There was a problem with Swedish characters “ö,ä,å” and also especially pound currency character which was used in one of the regular expression in the app. With my operating system, configured with the English culture settings using CodeBase 1250, those characters where changed and there were couple of runtime errors. We had to change the encoding to UTF8 that’s one of the solutions. UTF8 has a bigger character set.

There is an option in Visual Studio File –> Advanced Save Options that can be used to change encoding but it’s only usable for scenarios with one file. In this situation I had to change couple thousand of files. To fix this problem I have found a nice solution that uses PowerShell .

Script:

function ChangeEncoding ($baseDirectory)
{
        $allFiles = Get-ChildItem $baseDirectory -include *.aspx,*.ascx -recurse 
               | where-object { -not $_.PSIsContainer}
        foreach( $file in $allFiles){
            $fileContent = get-content $file.FullName -force
            $fileContent | set-content -encoding utf8  $file.FullName -force
         }
}
ChangeEncoding("BaseDirectoryPath")

This script iterates through all the files in directories and their directories and rewrites them with correct encoding.
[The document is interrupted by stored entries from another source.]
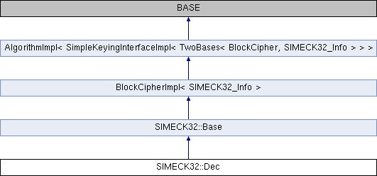 Inheritance diagram for SIMECK32::Dec:Public Member Functions | |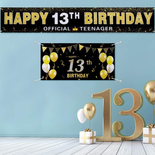 2 Pieces Large Happy 13th Birthday Banner 13th Background Banner Black and Gold Cheers to 13th Birthday Flag Birthday Photo Props Decor for 13th Bi…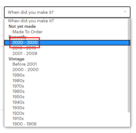 여기는 언제 만들었는지 선택하는 거예요. 저는 최근에 만든 거니까 2020년도를 선택할게요.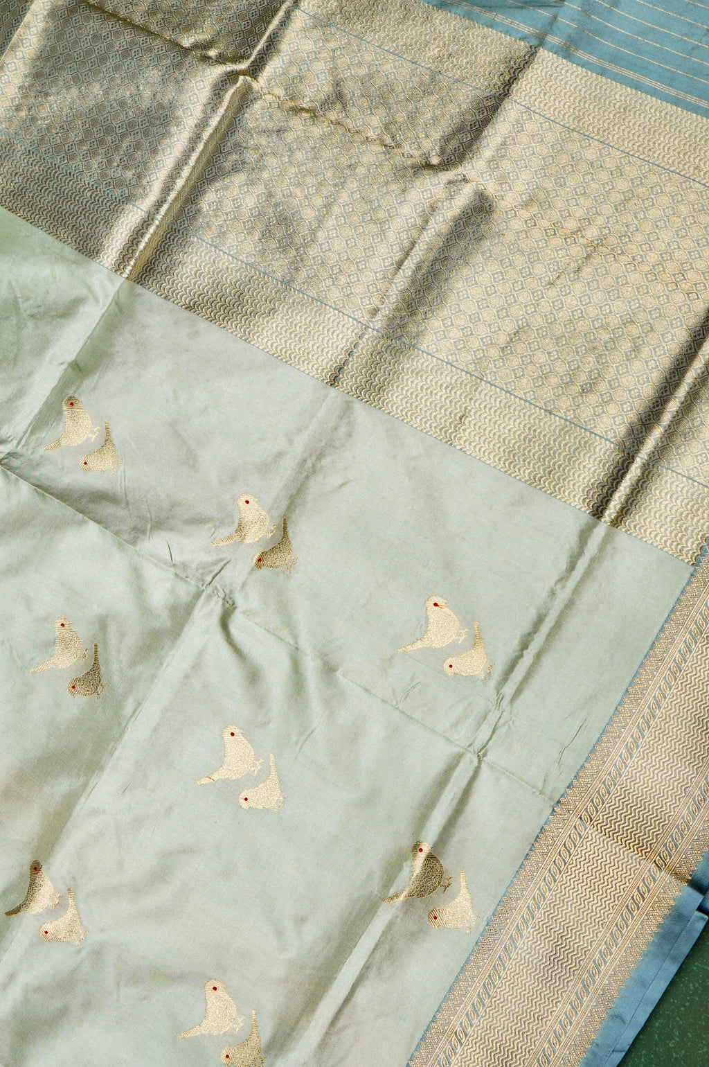 Vantara | Handwoven Light Grey Banarasi Katan Silk Saree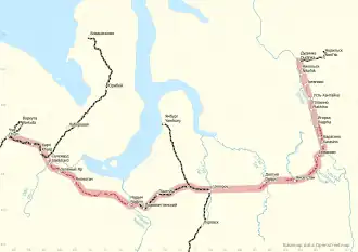 The Northern Latitudinal Railway (NLR; Северный широтный ход) is a Russian railway line previously under construction (construction is currently suspended) in the Yamalo-Nenets Autonomous District. It is 707 kilometres long, along the Obskaya - Salekhard - Nadym - Novy Urengoy - Korotchaevo route, which should link the western and eastern parts of the autonomous region, linking the Northern Railway in the east with Sverdlovsk Oblast. The project is run jointly by the Government of Russia, the governments of the Yamal-Nenets Autonomous District, PJSC Gazprom, JSC Russian Railways, and Development Corporation JSC. The construction coordinator of the railway is the Federal Agency for Rail Transport (Roszheldor).[1] Construction of the NLR is planned to be carried out from 2018 to 2022.[2] The estimated volume of traffic at completion is 24 million tons (mainly gas condensate and oil cargo).[3] Initially, the highway was supposed to be laid by 2015, but due to the lack of a budget solution, the project completion dates were repeatedly postponed. In February 2017, the construction was announced to be completed in 2023. The project cost was estimated at 239 billion Rubles.[4] In November 2022, it was announced that the government had suspended this project in favor of expanding rail eastward.[5]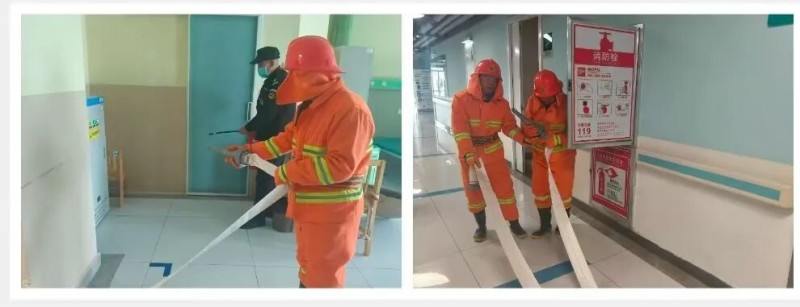 在火情处置环节,医院消防力量梯次投入:第一梯队医护人员迅速使用消防灭火器开展初期扑救;第二梯队微型消防站及后勤灭火组火速抵达,熟练操作消火栓控制火势;同时,电源切断、排烟启动等一系列操作有序展开,全力遏制火灾蔓延。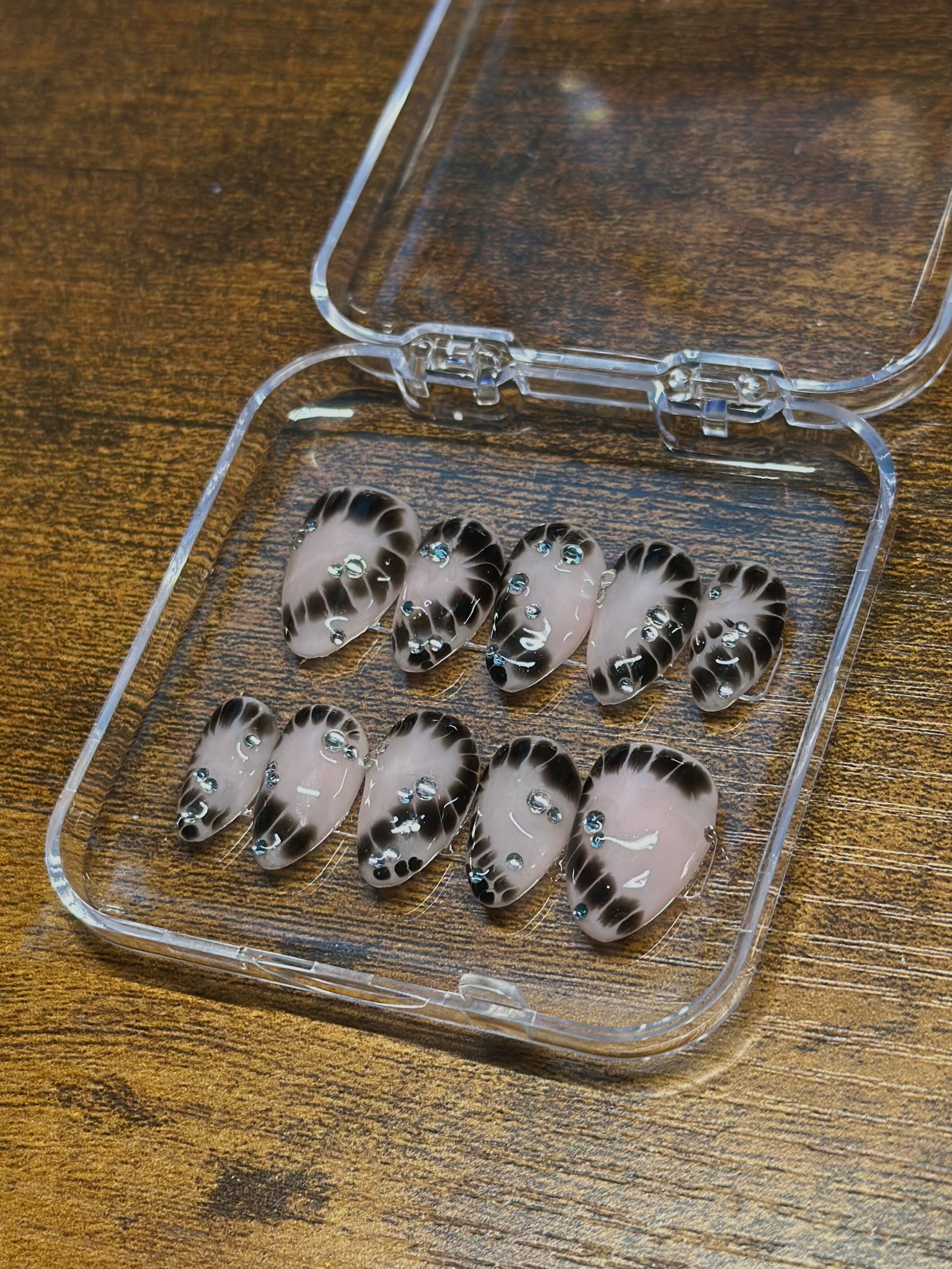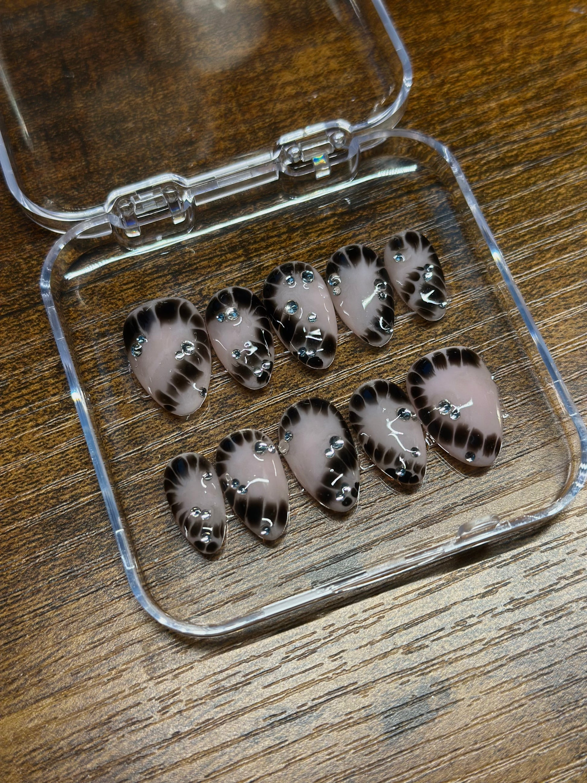 Wear these beautiful and elegant press on nails. Black blooming gel with silver rhinestones. If you're looking for something that looks like it came out of the salon but is affordable these are for you.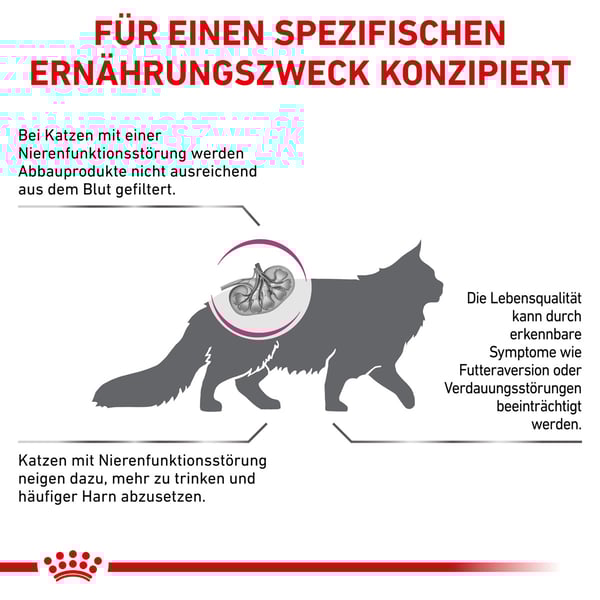 ROYAL CANIN Renal Select ist eine ausgewogene und nährstoffreiche Rezeptur, die speziell dazu entwickelt wurde, die Nieren deiner Katze bei einer Nierenfunktionsschwäche zu unterstützen.
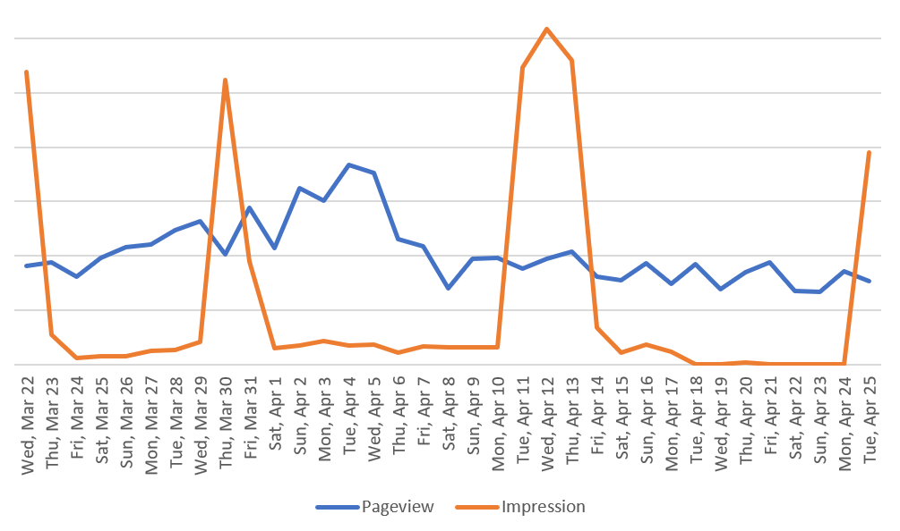 애드센스 리포트에서는 보기좋게 그려는 주지만 여러 데이터를 같은 축에서 보여주는 기능은 제공하지 않아서, 데이터를 엑셀로 옮겨 페이지뷰와 광고노출수를 비교해보았습니다.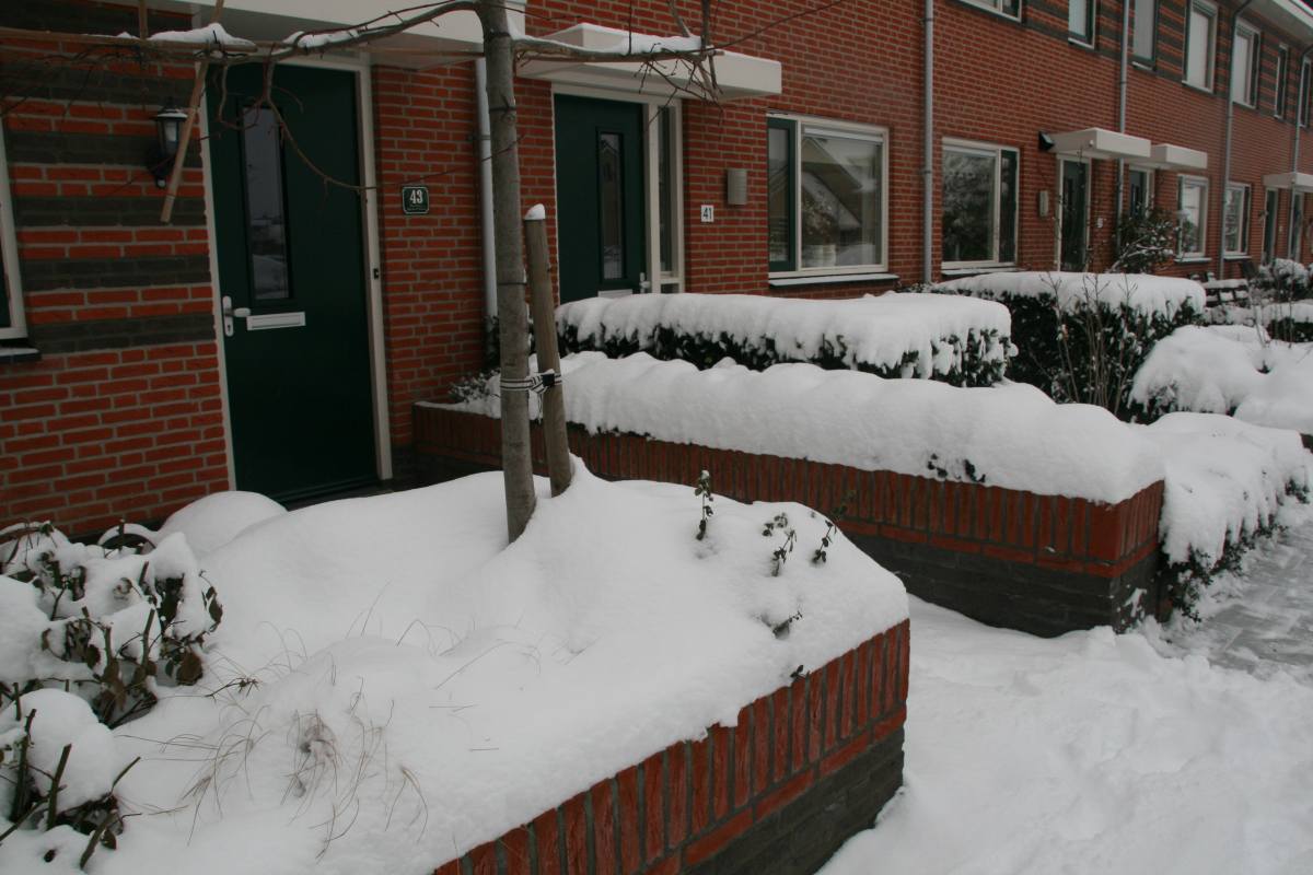 3 december: Leuk al die sneeuw in Nederland....maar voorlopig ligt de bouw van het nieuwe gezondheidscentrum stil omdat er met sneeuw en vrieskou niet meer gemetseld kan worden. En het pand zou nog wel wind en water dicht zijn voor de kerstvakantie. Dat gaat dus niet meer lukken. De geplande hoogste punt viering van 3 december is dus ook maar geschrapt, want daar zijn de bouwers nog lang niet.
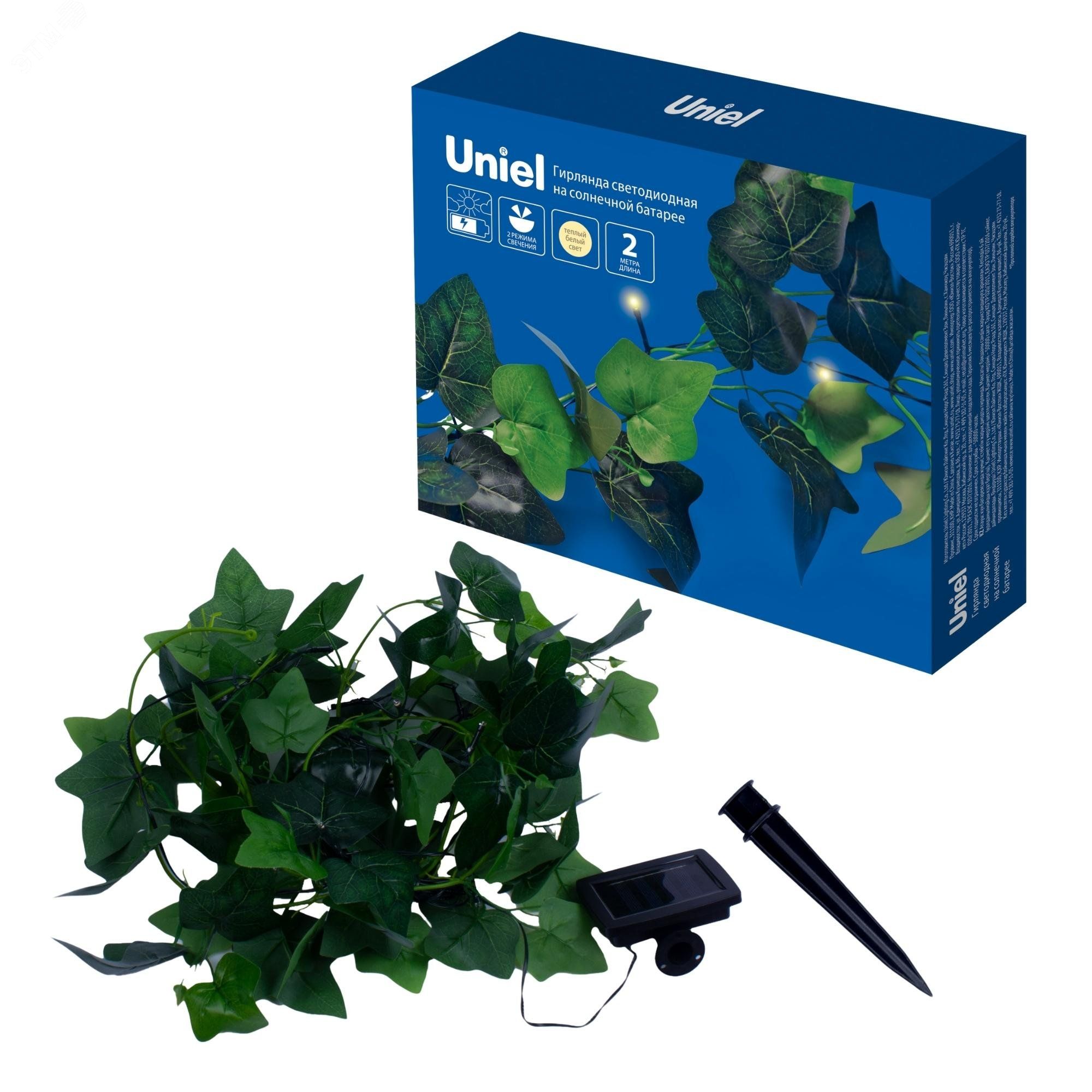 Садовая гирлянда Uniel USL-S-135/PT2000 IVY - это автономное освещение на солнечной батарее с 20 светодиодами тёплого белого света, предназначенное для декоративной подсветки участка без подключения к сети. Гирлянда легко монтируется, работает за счёт накопленной энергии и подходит для установки в саду, на террасе или возле беседки.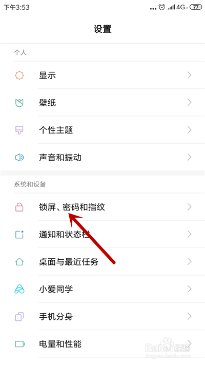 进入设置界面,点击【锁屏、密码和指纹】。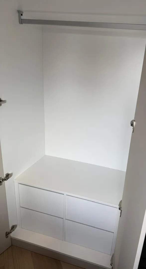 Dva povišena kreveta ispod kojih bi se nalazio ormar u kombinaciji sa ladicama i ormarom za vješalice visine cca cm, dužine kreveta 2 m i širina 90- cm. Između ta dva kreveta bi trebala biti nekakva klizna vrata, slika kao primjer za vrata je ispod
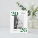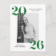 Invite a los huéspedes a celebrar el grado con nuestras modernas tarjetas postales de invitación para la fiesta de graduación 2025. Las elegantes postales de la fiesta de graduación muestran la foto del graduado enmarcada en blanco con 2025 en negritas letras verdes en las esquinas superior izquierda y inferior derecha. Personalice la parte delantera de la fiesta de graduación con fotos agregando el nombre del graduado y el nombre de la escuela. La postal se revierte para mostrar la dirección de retorno y los detalles de la fiesta de graduación.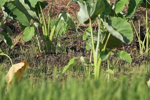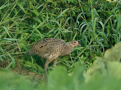 | キジ[8月19日] 里芋畑に若鳥♀が2羽いました。 | カルガモ[8月19日] 幼鳥2羽を連れたお母さんがいました。 | |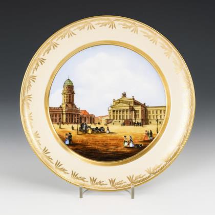 Eierschalenfarbiger Fond mit Goldbordüre. Im Spiegel die unterseitig bezeichnete Ansicht des Schauspielhauses in Berlin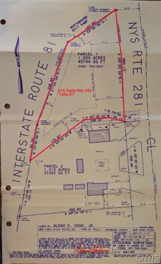 Outstanding commercial development opportunity in the heart of Tully, NY. This 1+ acre parcel is strategically positioned directly off the I-81 exit ramp, offering exceptional visibility and immediate accessibility for both northbound and southbound traffic. With traffic counts exceeding 28,500 vehicles per day on Interstate 81 and approximately 4,700 vehicles daily on Route 281, this site delivers premium exposure to a steady flow of commuters, travelers, and local residents. Its highly visible corner positioning makes it an ideal setting for fast food, quick-service restaurants, retail, office space, hospitality, or other service-based businesses seeking maximum roadside presence. Located within the Town of Tully, the property benefits from a vibrant year-round destination market. The area is known for its outdoor recreation, including nearby lakes, parks, and ski destinations, drawing consistent seasonal and tourism traffic in addition to daily local demand. Whether you're expanding an existing brand or launching a new venture, this high-traffic, high-visibility location offers the access, exposure, and growth potential today's businesses demand.

It’s not the best solution but it works.

Little Explanation:

Get-ChildItem $baseDirectory -include .aspx,.ascx –recurse

Gets all the files with specified extensions  (aspx and ascx) , recurse option enables search through all the files in directories and subdirectories

where-object { -not $_.PSIsContainer}

Used to exclude directories from the files list.

This script loads the file to a temporary variable because we have to read and write the same file. Pipelined solution would be cleaner but it reads and writes the data one line at time. You can’t write and read on the same file at the same time.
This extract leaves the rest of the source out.